++++ DATA
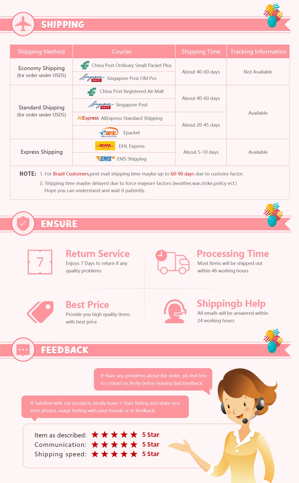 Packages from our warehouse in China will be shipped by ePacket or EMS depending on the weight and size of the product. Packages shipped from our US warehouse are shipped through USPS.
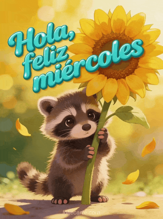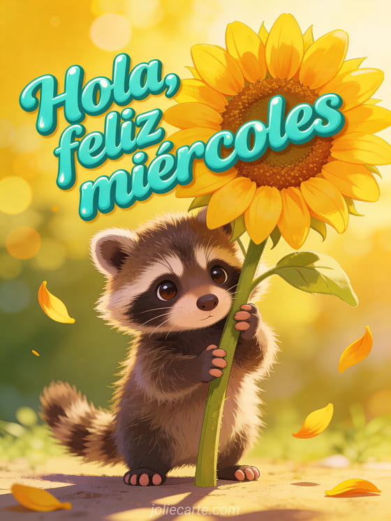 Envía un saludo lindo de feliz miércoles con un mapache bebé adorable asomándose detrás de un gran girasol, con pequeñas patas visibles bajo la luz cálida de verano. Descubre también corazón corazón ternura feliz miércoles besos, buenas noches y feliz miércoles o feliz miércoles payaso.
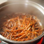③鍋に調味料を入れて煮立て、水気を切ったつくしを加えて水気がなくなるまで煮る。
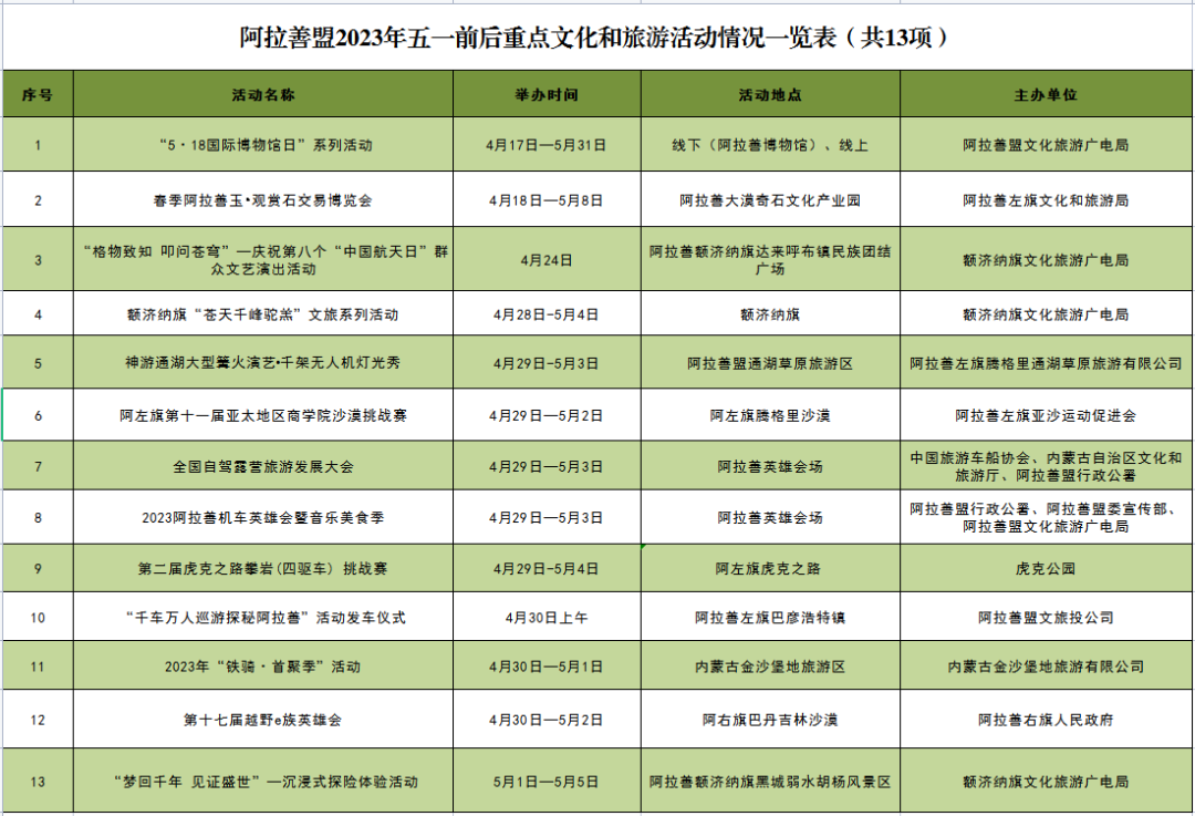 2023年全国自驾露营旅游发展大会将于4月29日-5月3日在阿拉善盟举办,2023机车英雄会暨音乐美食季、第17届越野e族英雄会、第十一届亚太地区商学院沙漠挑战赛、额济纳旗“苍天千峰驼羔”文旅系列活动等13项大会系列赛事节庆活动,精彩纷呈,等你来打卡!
++++++++
++++ DATA
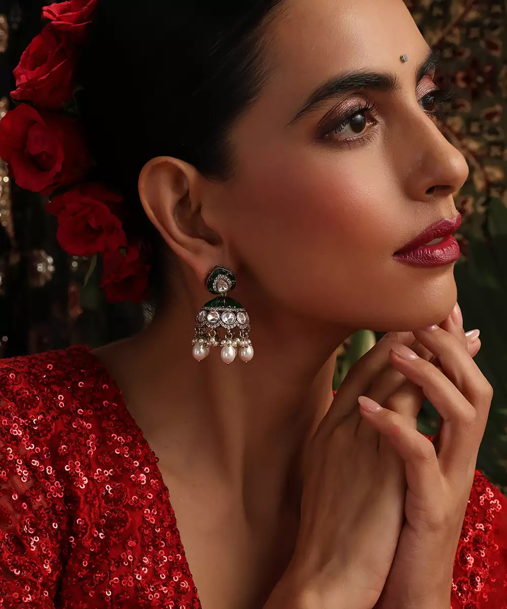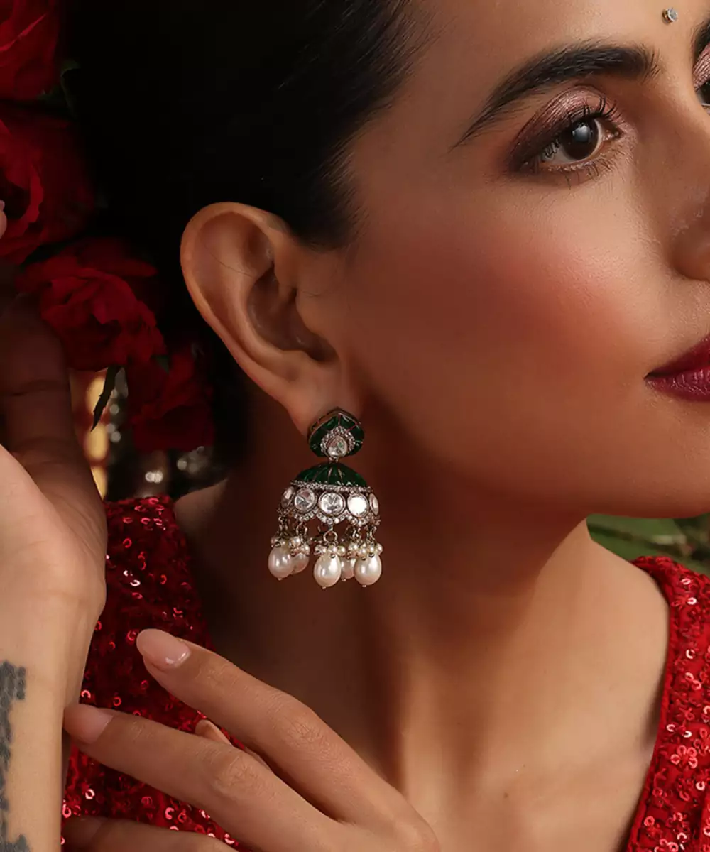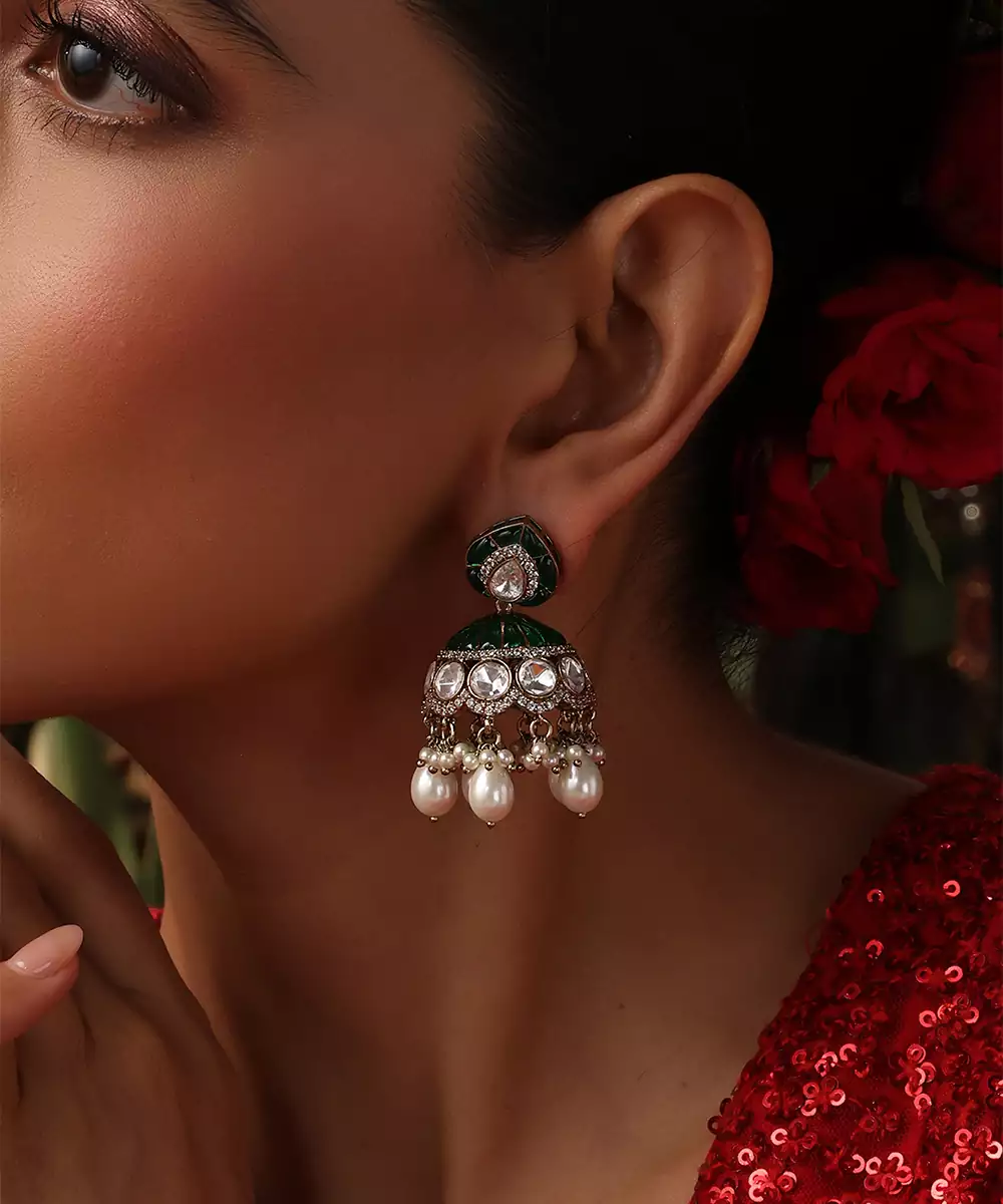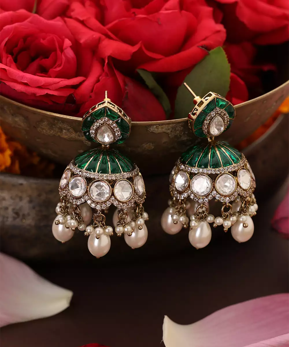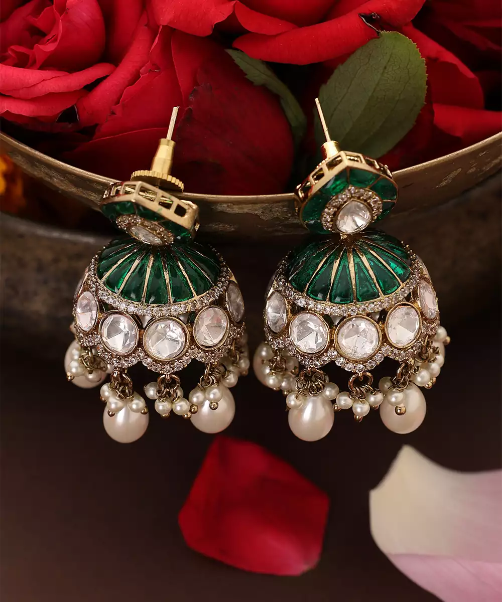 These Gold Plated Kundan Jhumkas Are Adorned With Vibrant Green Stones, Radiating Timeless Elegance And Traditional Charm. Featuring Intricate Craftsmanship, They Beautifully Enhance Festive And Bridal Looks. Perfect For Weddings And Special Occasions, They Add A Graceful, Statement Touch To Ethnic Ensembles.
++++++++
__WHAT THIS TASK INVOLVES__:
Among the lines above, the one with "Packages from our" opens the part to repeat and the one with "2023年全国自驾露营旅游发" closes it; repeat only that part exactly, with no pictures.

__SOLUTION FOR THIS TASK__:
 Packages from our warehouse in China will be shipped by ePacket or EMS depending on the weight and size of the product. Packages shipped from our US warehouse are shipped through USPS.
 Envía un saludo lindo de feliz miércoles con un mapache bebé adorable asomándose detrás de un gran girasol, con pequeñas patas visibles bajo la luz cálida de verano. Descubre también corazón corazón ternura feliz miércoles besos, buenas noches y feliz miércoles o feliz miércoles payaso.
③鍋に調味料を入れて煮立て、水気を切ったつくしを加えて水気がなくなるまで煮る。
 2023年全国自驾露营旅游发展大会将于4月29日-5月3日在阿拉善盟举办,2023机车英雄会暨音乐美食季、第17届越野e族英雄会、第十一届亚太地区商学院沙漠挑战赛、额济纳旗“苍天千峰驼羔”文旅系列活动等13项大会系列赛事节庆活动,精彩纷呈,等你来打卡!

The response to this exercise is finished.